My mouth opened aghast. Violently defying a bishop was sacrilege.

There was much more to this man than I realized.

The bishop calmed down, despite the tense circumstances. They spoke for a few minutes more before Tyler finally surrendered—his head low with disappointment.

Once again, the bishop reached out and smeared his neck with black stripes. Tyler was more despondent than the time by the stream. I could almost feel the burden resting upon his frame.

His confidence was shaken. I feared for his life. I couldn't see well through the darkness, but I believe he wept.

The two mounted the horse and rode off toward the city.

A cold, faint glow illuminated Dema. Wisps of silver smoke rose from the towers, originating from the furnace down below. I grimaced.

I wasn't ready to go back yet, but did I have a choice? The Banditos proved as untrustworthy as the Bishops and I felt hopelessly alone.

Yet I trusted Tyler, wherever he stood in this corrupted game of politics. He and Joshua seemed like the only rational ones in this mess.

I feared the Bandito leader was too close to Brenton to warn or persuade without being noticed. He surely wasn't aware of what happened tonight. I doubted he was involved in Brenton's plan.

Nevertheless, what trust and affection I felt for Bandito camp vanished thanks to that snake.

I had all night to question what the day brought me.

When I woke up that morning, nearly 16 hours earlier, I never expected to be sitting deep within the vastness of Trench without a safe place to run.

A shiver rolled down my spine.
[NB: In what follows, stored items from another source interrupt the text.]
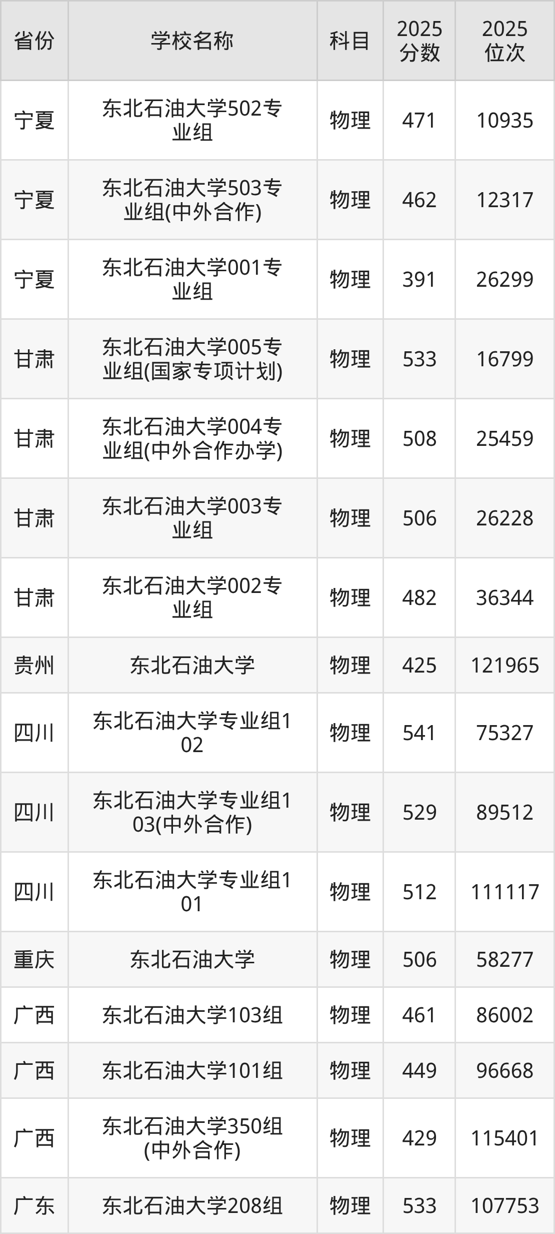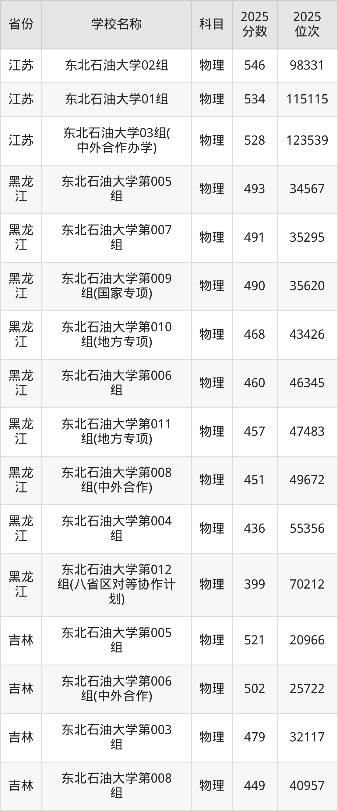 东北石油大学2025年有9个专业组面向黑龙江省内首选了物理科目的考生招生: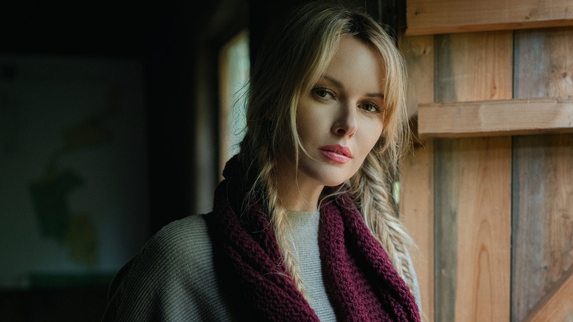 Description: A woman wearing a scarf standing next to a wooden wall with a window behind her and looking into the camera.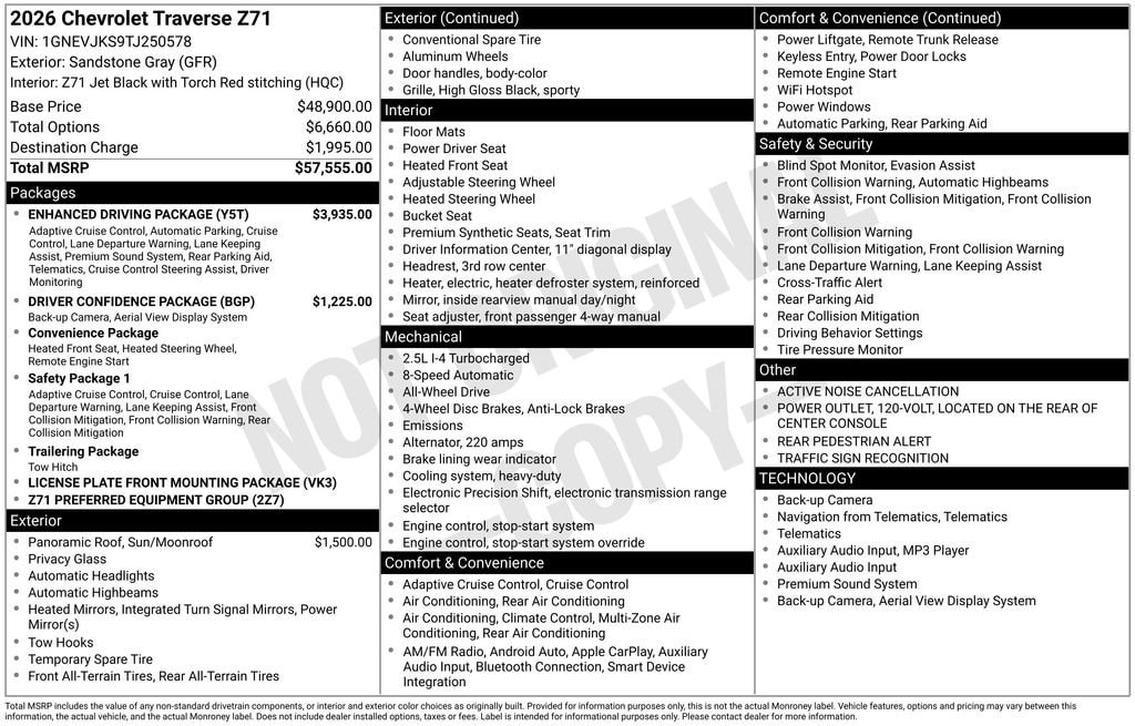 Experience the new Chevrolet Traverse, available now at Sky Chevrolet of Provo! With bold design, advanced technology, and dependable performance, Chevrolet makes every mile more exciting. From Utah Valleyâs city streets to mountain canyon drives, the Traverse is built to handle it all with confidence. Call 801-356-4300 today to schedule your test drive and see what makes it stand out! Sandstone Gray 2026 Chevrolet Traverse Z71 AWD 8-Speed Automatic 2.5L DOHC AWD. Price includes: $1,500 trade in allowance program for customers that own a 2018 or newer passenger car or truck with less than 80,000 miles and trade in their vehicle towards the purchase of a new 2025-2026 New Chevrolet. Some restrictions may apply. Contact dealer for details.

I couldn't go back now ... I couldn't go forward.

I was stuck between two places, unsure how to fix anything. Everything within me wanted to cry. Yet as the moon sailed farther across the sky, I was too exhausted to feel. I was numb.

I wandered for a while seeking shelter, until I found a stable, quiet cave. Collapsing on the floor, I drifted off to sleep.

Upon waking at dawn the next morning, I took a moment to admire the morning sun. It looked just as alluring as the time I gazed upon it from the towers while it sunk behind the horizon—yet this time its beauty was biting ... mocking. Back then, I had this funny aspiration to journey far and wide until one day I could catch it, as if it held all the peace and fulfillment I desired so desperately.

Sitting in the cold, barren cave, I scoffed. My fantasies seemed so foolish now. I figured the journey I sought after—the light I craved—was futile. I could spend every last breath of my life and never catch its warm glow. My dreams felt hopeless, but this conflict between the Bishops and Banditos was mine to change.

My curiosity proved too strong. I knew I must to go back to the Bandito camp one final time.

I needed to know what their next move was, before I made mine.